In Chapters 6 and 5, you learned how convolutional and recurrent neural networks worked by implementing them from scratch. Nevertheless, while understanding how they work is necessary, that knowledge alone won’t get them to work on a real-world problem; for that, you need to be able to implement them in a high-performance library. We could devote an entire book to building a high-performance neural network library, but that would be a much different (or simply much longer) book, for a much different audience. Instead, we’ll devote this last chapter to introducing PyTorch, an increasingly popular neural network framework based on automatic differentiation, which we introduced at the beginning of Chapter 6.
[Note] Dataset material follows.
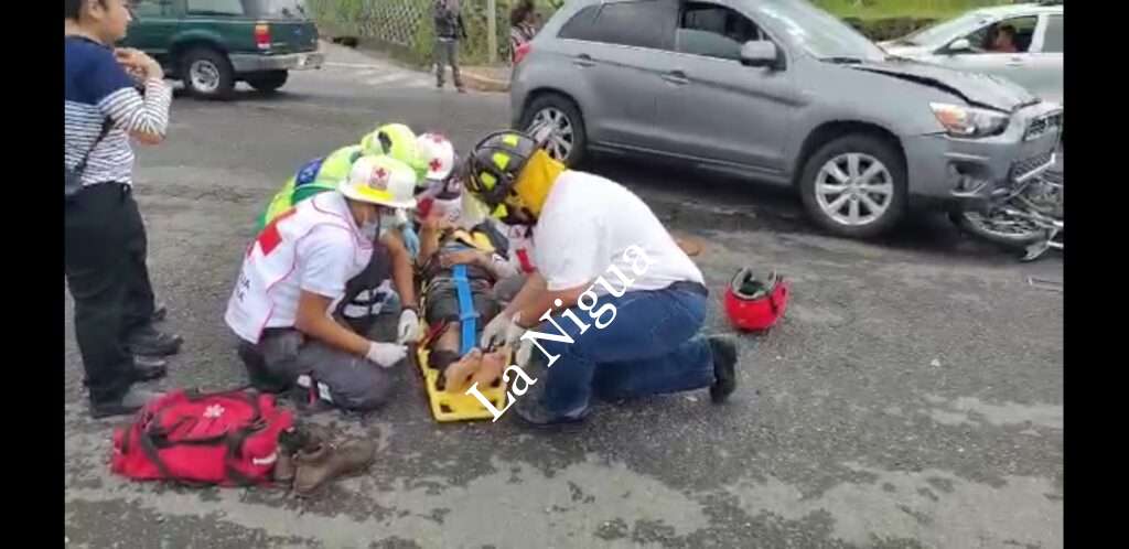 Córdoba, Ver.- Un joven motociclista resultó herido durante la tarde de este miércoles, luego de impactarse contra una camioneta Mitsubishi la cual era conducida por una mujer, debido a que uno de los dos conductores al no respetar la luz del semáforo, ocasionaron el accidente justo en el cruce del distribuidor vial de El Diamante y el bulevar Tratados de Córdoba.

As in the rest of the book, we’ll write our code in a way that maps to the mental models of how neural networks work, writing classes for Layers, Trainers, and so on. In doing so, we won’t be writing our code in line with common PyTorch practices, but we’ll include links on the book’s GitHub repo for you to learn more about expressing neural networks the way PyTorch was designed to express them. Before we get there, let’s start by learning the data type at the core of PyTorch that enables its automatic differentiation and thus its ability to express neural network training cleanly: the Tensor.

PyTorch Tensors

In the last chapter, we showed a simple NumberWithGrad accumulate gradients by keeping track of the operations performed on it. This meant that if we ...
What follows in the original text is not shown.